Out of the box, Pegasus does not monitor individual jobs within a job cluster. Though its documentation claims it is possible to activate it by setting property

pegasus.clusterer.job.aggregator.seqexec.log=true

it turned out this functionality is subject to certain restrictions (see this thread on Pegasus mailing list.

Note

More descriptions of other properties controlling job clustering can be found here.

2.1.1   Horizontal clustering

From Pegasus manual:

In case of horizontal clustering, each job in the workflow is associated with a level. The levels of the workflow are determined by doing a modified Breadth First Traversal of the workflow starting from the root nodes. The level associated with a node, is the furthest distance of it from the root node instead of it being the shortest distance as in normal BFS.

The granularity of the horizontal clustering may be controlled by two Pegasus profiles:

clusters.size
Denotes how many jobs need to be merged into a single clustered job.
clusters.num
Denotes how many clustered jobs does the user want to see per level per site.

In the case, where both the properties are set, the clusters.num value supersedes the clusters.size value.

2.1.2   Runtime clustering

In case of runtime clustering, jobs in the workflow are associated with a level. The levels of the workflow are determined in the same manner as in horizontal clustering. However jobs are grouped together such that all clusters have similar runtime.

Runtime clustering supports two modes of operation:

  1. Clusters jobs together such that the clustered job’s runtime does not exceed a user specified values set with clusters.maxruntime profile.
  2. Clusters all jobs into a fixed number of clusters, specified by the profile clusters.num, such that the runtimes of the clustered jobs are similar.

If both of clusters.maxruntime and clusters.num are specified, clusters.num profile will be ignored by the clustering engine.

Note

To use runtime clustering, the Pegasus profile runtime, specifying expected runtime (in seconds), must be set for each job.

2.1.3   Label based clustering

Again, from Pegasus manual:

In label based clustering, the user labels the workflow. All jobs having the same label value are clustered into a single clustered job. This allows the user to create clusters or use a clustering technique that is specific to his workflows.
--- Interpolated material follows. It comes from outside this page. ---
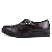 Go back to basics with this pair of classic burgundy vegan leather monk buckle pointed creepers by T.U.K. A cult classic that will always look sharp. Features a rich burgundy upper that gives these creepers a sleek vintage look.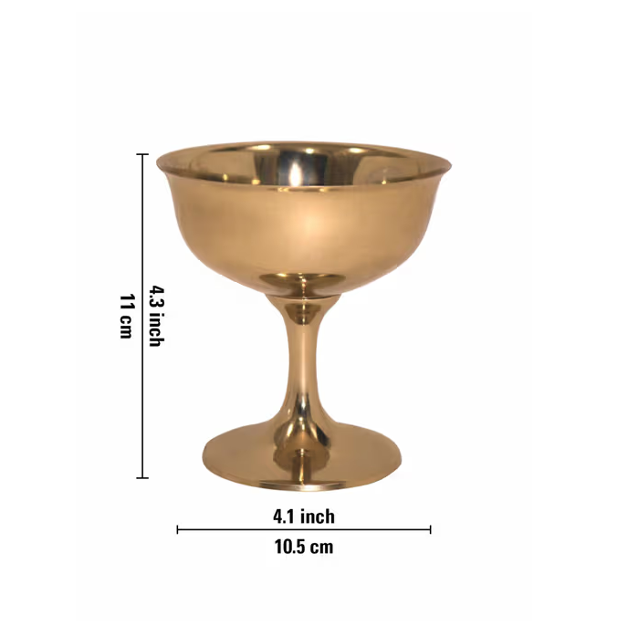 ชามไอศกรีมทองเหลืองหรูหรา พร้อมกล่องสีน้ำเงิน และช้อนทองเหลืองสำหรับของขวัญที่ดีที่สุดสำหรับของหวาน

If there is no label associated with the job, the job is not clustered and is executed as is.

The labels for the jobs in the workflow are specified by associated pegasus profile keys with the jobs during the DAX generation process. The user can choose which profile key to use for labeling the workflow. By default, it is assumed that the user is using the Pegasus profile key label to associate the labels. Other key may be used by setting pegasusu.clusterer.label.key to a desired value.

2.1.4   FAQ

2.1.4.1   Can we cluster jobs automatically?

Yes, jobs can be clustered automatically. Pegasus provides two clustering methods: horizontal and label based clustering.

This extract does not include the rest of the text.